Key Concepts Study Tool: Chapter 18
Click on each concept below to check your understanding.
1. Influential Cases as a Source of Error
- Any case that exerts an extraordinary amount of influence on the slope and intercept.
- There are two types of influential cases:
- Outlier: the distance an observation is from its estimated Y-value (the distance between Yi and ŷ is huge)
- Leverage: measures the distance between an X-value and the mean for that variable (the gap between Xi and x̄)
2. Cook’s Distance (Cook’s D)
- Introduced in the late 1970s by Dennis Cook.
- Determines the extent to which coefficient estimates (both slopes and intercepts) will change if a particular observation is removed from the analysis.
- Values are meaningless by themselves, but any value below 1 is regarded as being tolerable for influence.
- Any observation exceeding 1 should be examined closely and possibility deleted.

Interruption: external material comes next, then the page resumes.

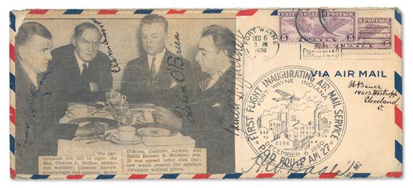 1930 Clarence Darrow Signed Fort Wayne, Indiana First Flight Cover, This unique 1930 first flight cover from Fort Wayne, Indiana to Cleveland, Ohio features a newspaper clipping of a roundtable of prominent religious figures as well as famed American lawyer Clarence Darrow - with signatures for all photographed. This cover features some general wear on its edges. This item has been previewed by our expert team and we believe this item is genuine and will receive a certificate stating the same. Please advise at the time of bidding if you wish for this lot to be sent in for a full certificate at our special discounted rate. (Image)
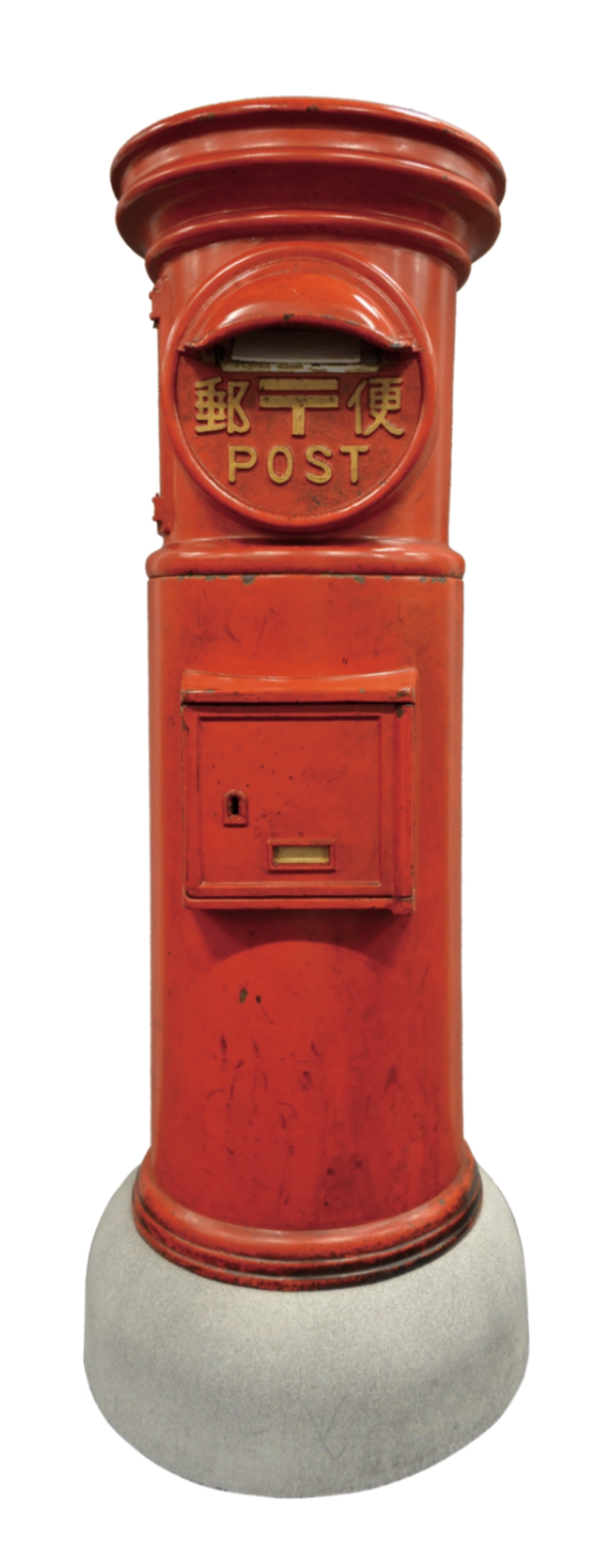 昭和24年(1949)に誕生した郵便差出箱1号丸型、いわゆる赤い丸型ポスト。差入口のある上部と取出口のある下部が別個に作られているので、設置場所の状況に応じて便利な方向に向けて据え付けることができる。

3. Heteroscedasticity as a Source of Error
- Homoscedasticity: examined by looking at the distribution of estimation errors (the difference between the predicted Y’s and the actual y’s) across X-values.
- A regression is considered homoscedastic if the standard deviation of the estimation error for each value of X is roughly similar. If that condition is not met, the model is heteroscedastic.
- When the condition of homoscedasticity is not met, the accuracy of that coefficient can be question.
- The easiest way to detect heteroscedasticity is to look at a residual versus a fitted value plot.
4. Multicollinearity as a Source of Error
- Collinearity, or multicollinearity, is found when independent variables share a common line when graphed. In other words, they are correlated.
- When collinearity is strong, identifying the independent impact of X1 will be difficult, because whenever variable Y is increased by one increment, so is X2. Finding the independent impact of either variable is virtually impossible because they are so intertwined.
- When any two independent variables are correlated at 0.5 or above, it is important to examine them.
5. Identifying and Dealing with Multicollinearity
- To identify multicollinearity the variance inflation factor (VIF) is computed for each variable.
- VIF values that exceed four are generally worthy of further investigation.
- Options for dealing with multicollinearity include: dropping one of the collinear variables, or combining the two offending variables to form one composite measure. The latter option may not make sense in every situation.